Though some wushu weapons fall too short of the real thing in appearance and quality, this Monk’s Spade combines modern construction with respect for the original weapon’s character. The result is a light training weapon entirely suited to the acrobatics of wushu. Three pounds heavy and 78 inches long, it’s a large weapon even for Western kung fu students, but not so weighty that it interferes with learning movements. Heavier versions could be more appropriate for other types of training.
Edges and points of the spade and the crescent moon pommel are unsharpened but still carry the dangerous shapes that made this a popular main weapon for the monks of ancient China. The wushu version should be used with caution — though it isn’t a combat level build, it could do combat quality damage to bystanders. Even dull weapons cut.
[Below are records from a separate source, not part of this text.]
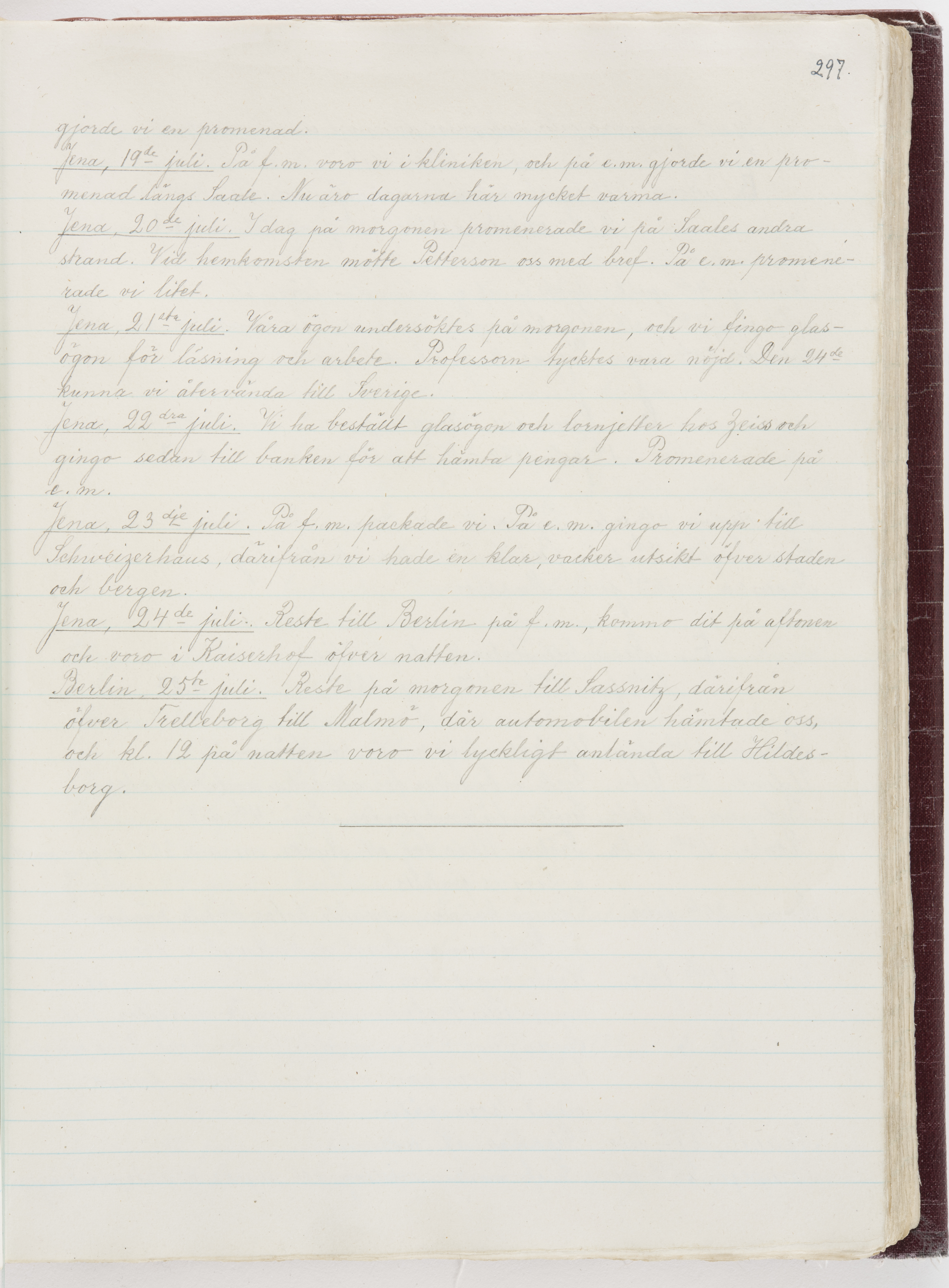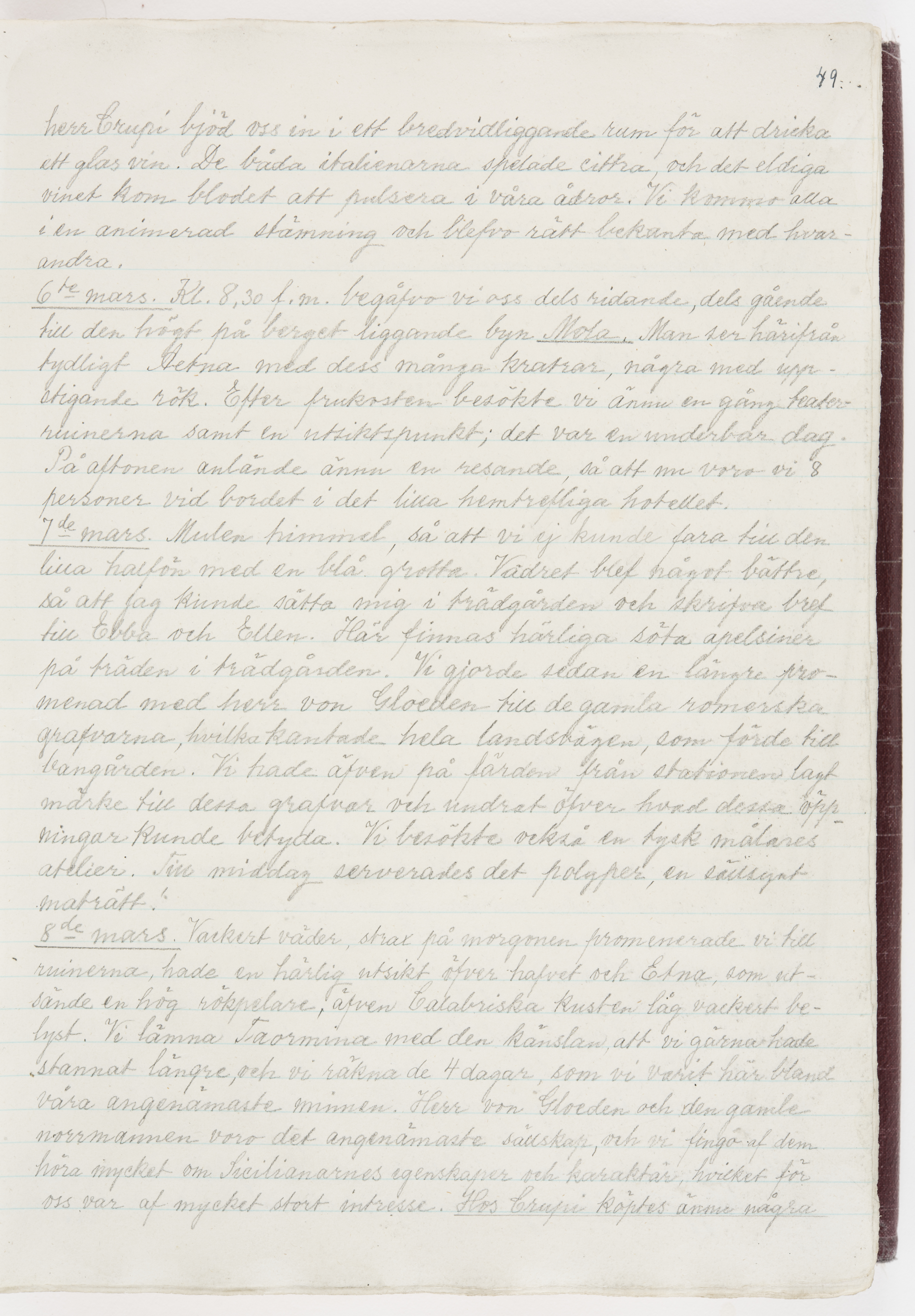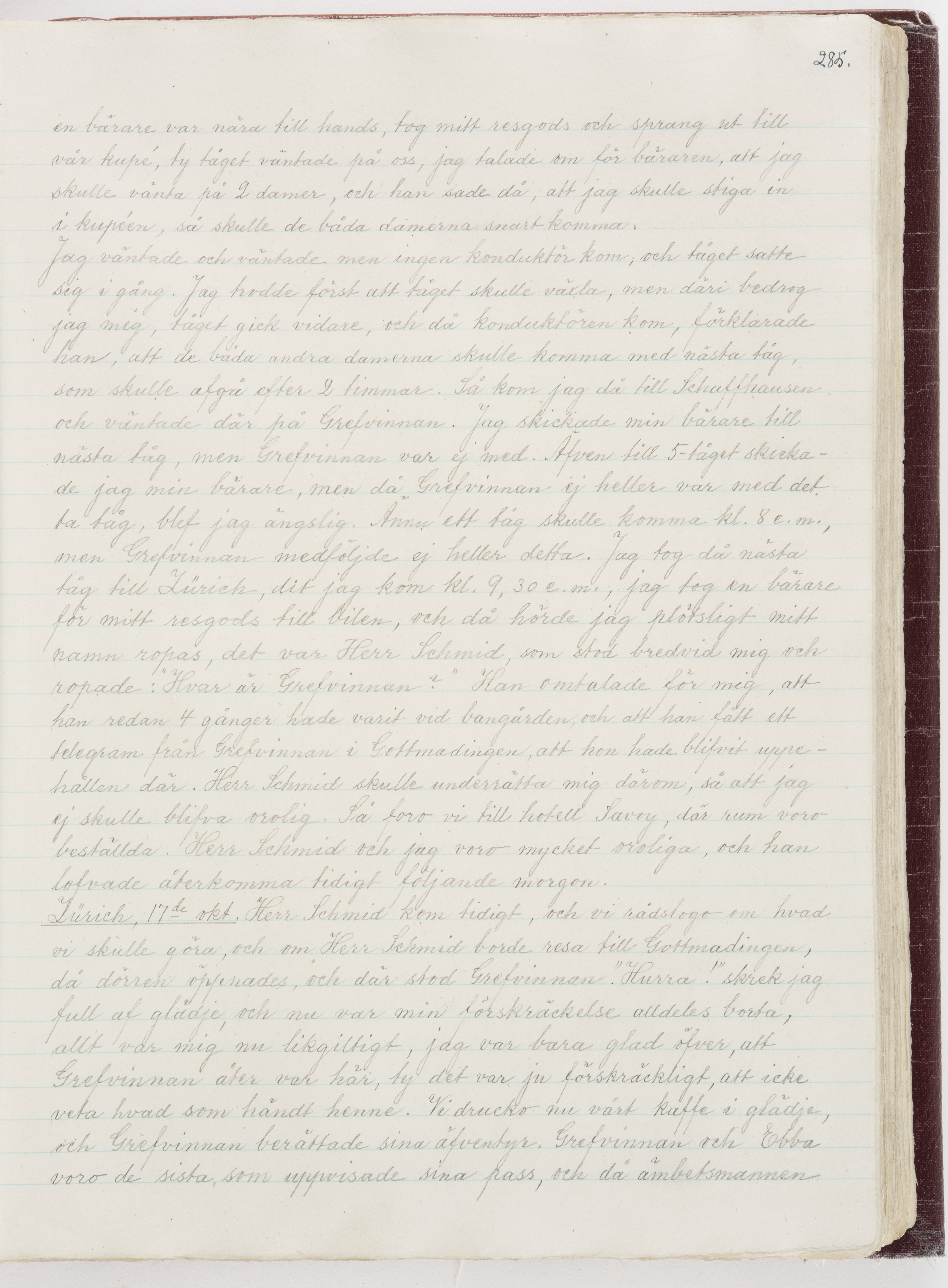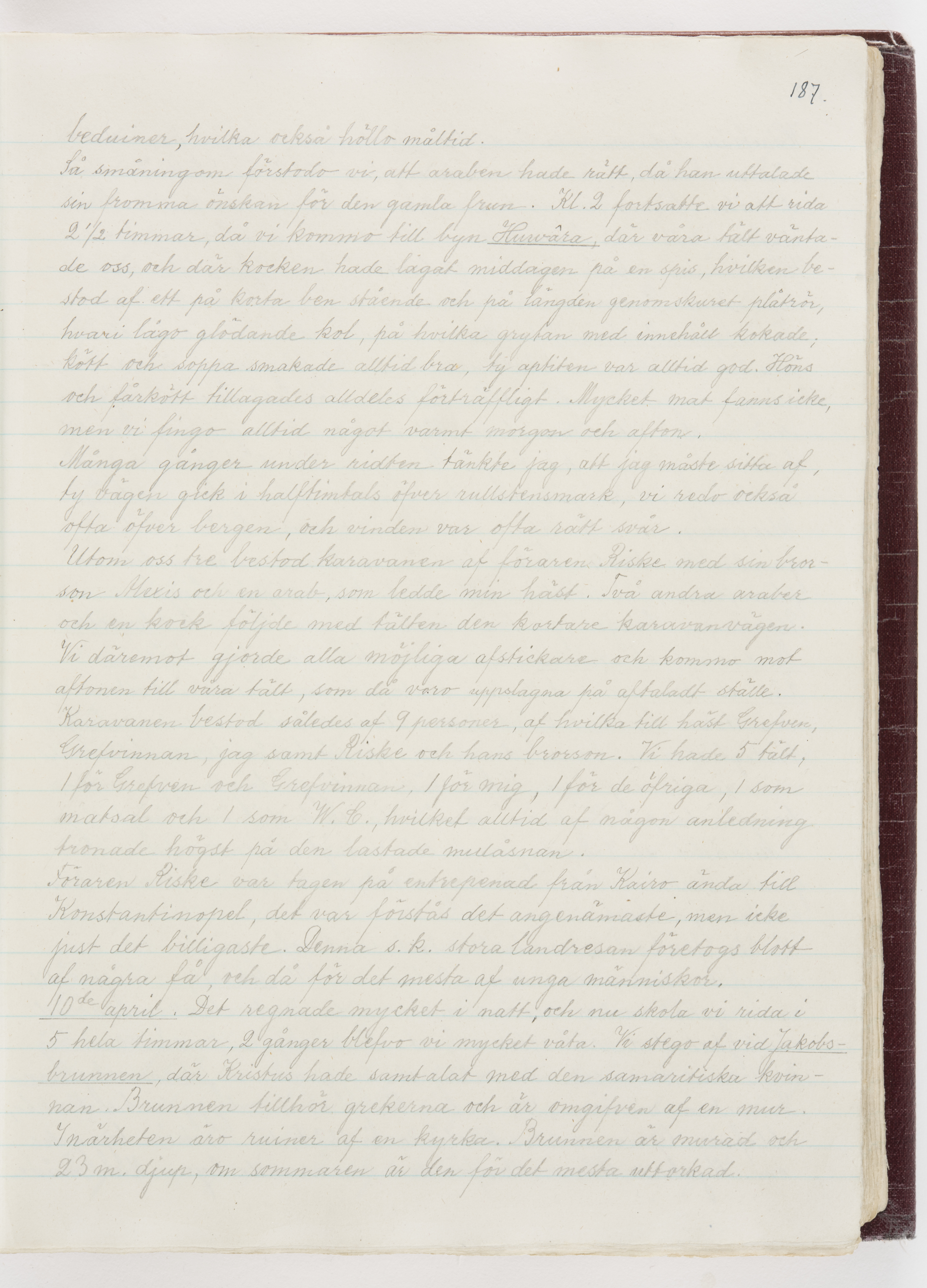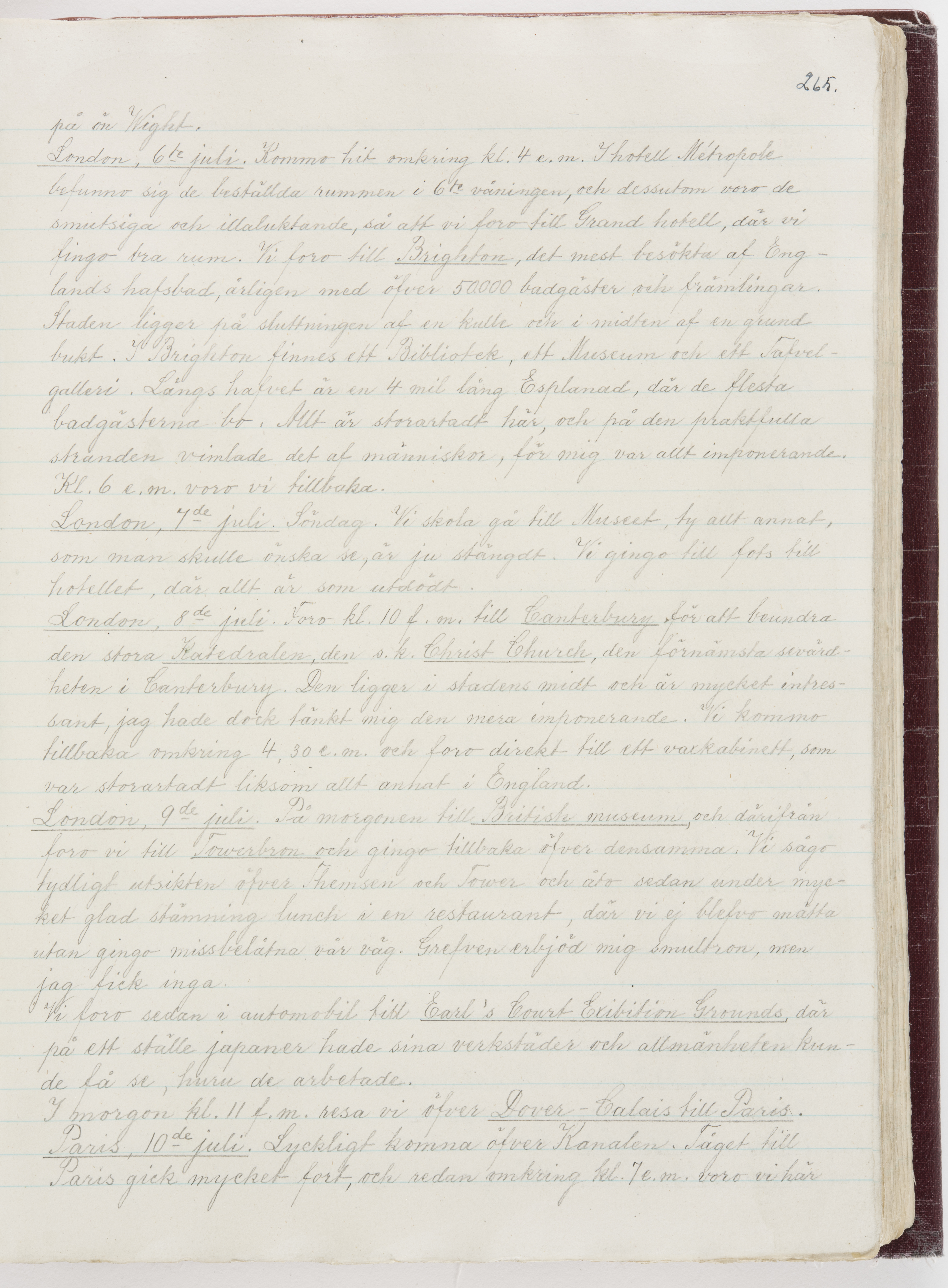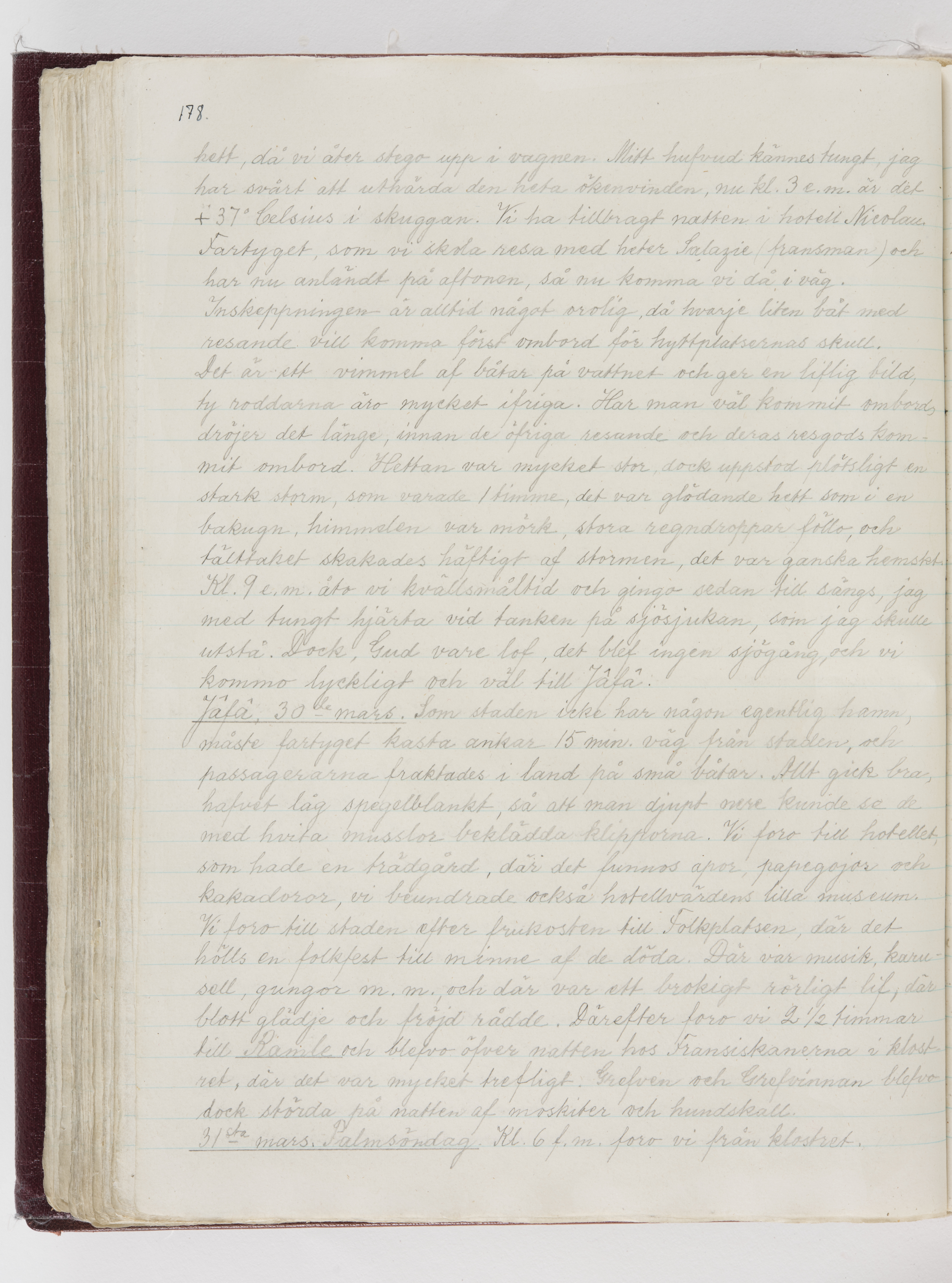 Översättning till svenska språket av dagbok skriven på tyska språket av Ida Uhse under resor tillsammans med Walther och Wilhelmina von Hallwyl åren 1880-1918 samt företeckning över fynd, gåvor och inköpta föremål under resorna åren 1881-1918. Av Signe Berglöf. 309 s. Skrivet med blyerts. Band (helt skinn-). Av brun >>oasis morocco>>, bundet med dubble ansättning och >>knäpprygg>>. Kapitäl av gult sämskskinn. Försättsblad av läderimitationspapper i brunt och svart. Fals av röd klot. 32*25*4,8 cm. Bundet av bokbindaren Otto Olsson.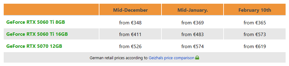 Der Preis der RTX 5060 Ti mit 16GB ist in den vergangenen Monaten beispielsweise auf 573 Euro explodiert. Damit rückt die GPU preislich deutlich näher an die RTX 5070 heran, die derzeit bei etwa 619 Euro liegt. Die RTX 5060 Ti mit 8GB ist zwar aktuell ebenfalls um 17 Euro teurer als Mitte Dezember 2025, jedoch bei weitem nicht so stark gestiegen wie die RTX 5060 Ti 16GB und die RTX 5070.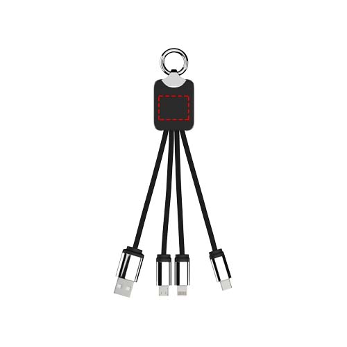 Кабель с soft-touch и металлическим покрытием, а также светящимся логотипом, оснащен тремя разъемами для зарядки (тип C, Android, iPhone). Можно заряжать до трех устройств одновременно. Длина кабелей (со штекерами): 10 см. Упаковка изготовлена из бумаги и пластика вторичной переработки.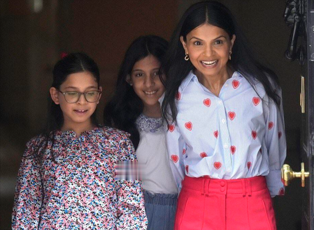 阿克沙塔是印度白富美,年龄比老公相仿,一身撞色打扮身材不错,就是脸太显老啦;苏纳克搂着大女儿,手里拿着电影票,手腕上的红绳抢镜;大女儿穿着裙子,精致五官遗传爸爸,小女儿穿着T恤牛仔裤,颜值随了妈妈。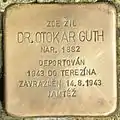Otokar Guth was born on 9 May 1882 in Lety. His parents were Leopold Guth and Wilhelmine. He graduated and married Hermína b. Hellerová. The couple had at least one daughter, Anna, born September 24, 1916. The last place of residence of the couple before deportation was in Prague I, Celetná 12. On July 5, 1943, the two were deported with Transport De from Prague to the Theresienstadt concentration camp. Their transport numbers were 538 and 539 of 604. On 14 August 1943 Dr. Otokar Guth was murdered by the Nazi regime in Theresienstadt. The official cause of death was heart failure.[14]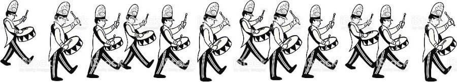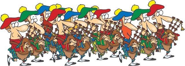 Which brings us to the eleventh day of (the season of) Christmas. On Day Eleven we meet eleven pipers piping. So perhaps this comes from a Scottish variant (like day one comes from the French version). Perhaps the Scots packed their song full of food? In this, the gifts would include twelve alka seltsers, eleven Blue Lagoons, ten creme de menthe, nine vodka and limes, eight nips of whisky, seven rum and cokes, six Carlsberg specials…you get the picture? (Yes, I know, this is becoming quite speculative!!)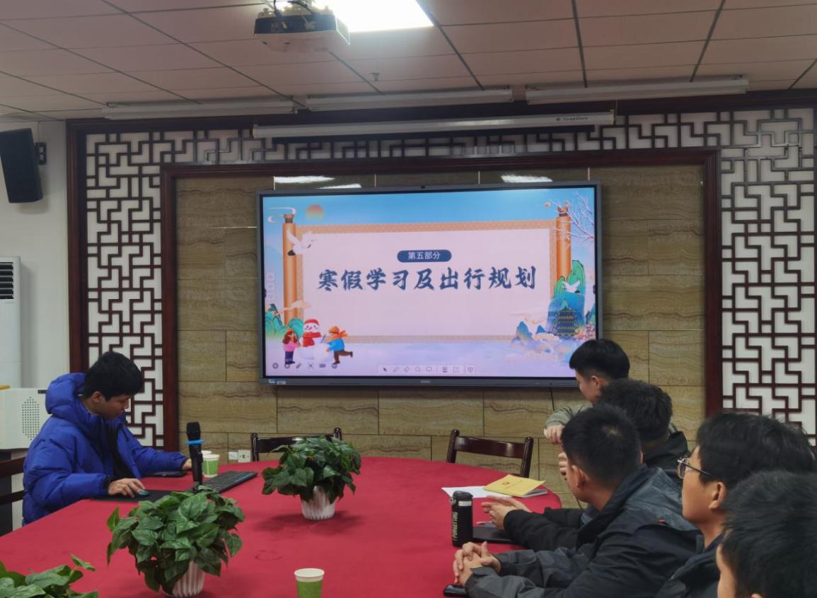 第五部分是寒假学习及出行规划,安全委员薛晓轩指出同学们要利用研究生期间的第一个假期做好自己的未来学业、职业规划,阅读一些本专业的相关书籍。最后,安全委员薛晓轩强调离校前做好宿舍卫生清洁、带走贵重物品、关好门窗,关注学院和班级群发布的消息,注意返校时间并做好返校出行规划。

The monk’s spade has an intriguing history with a foundation in the non-violent traditions of China’s warrior monks. Following the path of enlightenment by choice, these men still had social and moral obligations. Monks often carried money from temple to temple, making themselves a favorite target of skilled highwaymen. Many of the faith shunned weapons but needed practical protection. Farm tools evolved into unique monastic weapons like the monk’s spade, useful for fending off bandits as well as for digging the occasional grave for those who tried too hard. The decorative rings link back to the weapon’s agricultural past when the tool doubled as a plow blade pulled by other members of the family. Still a visual part of the monk’s spade, the rings serve no combat function.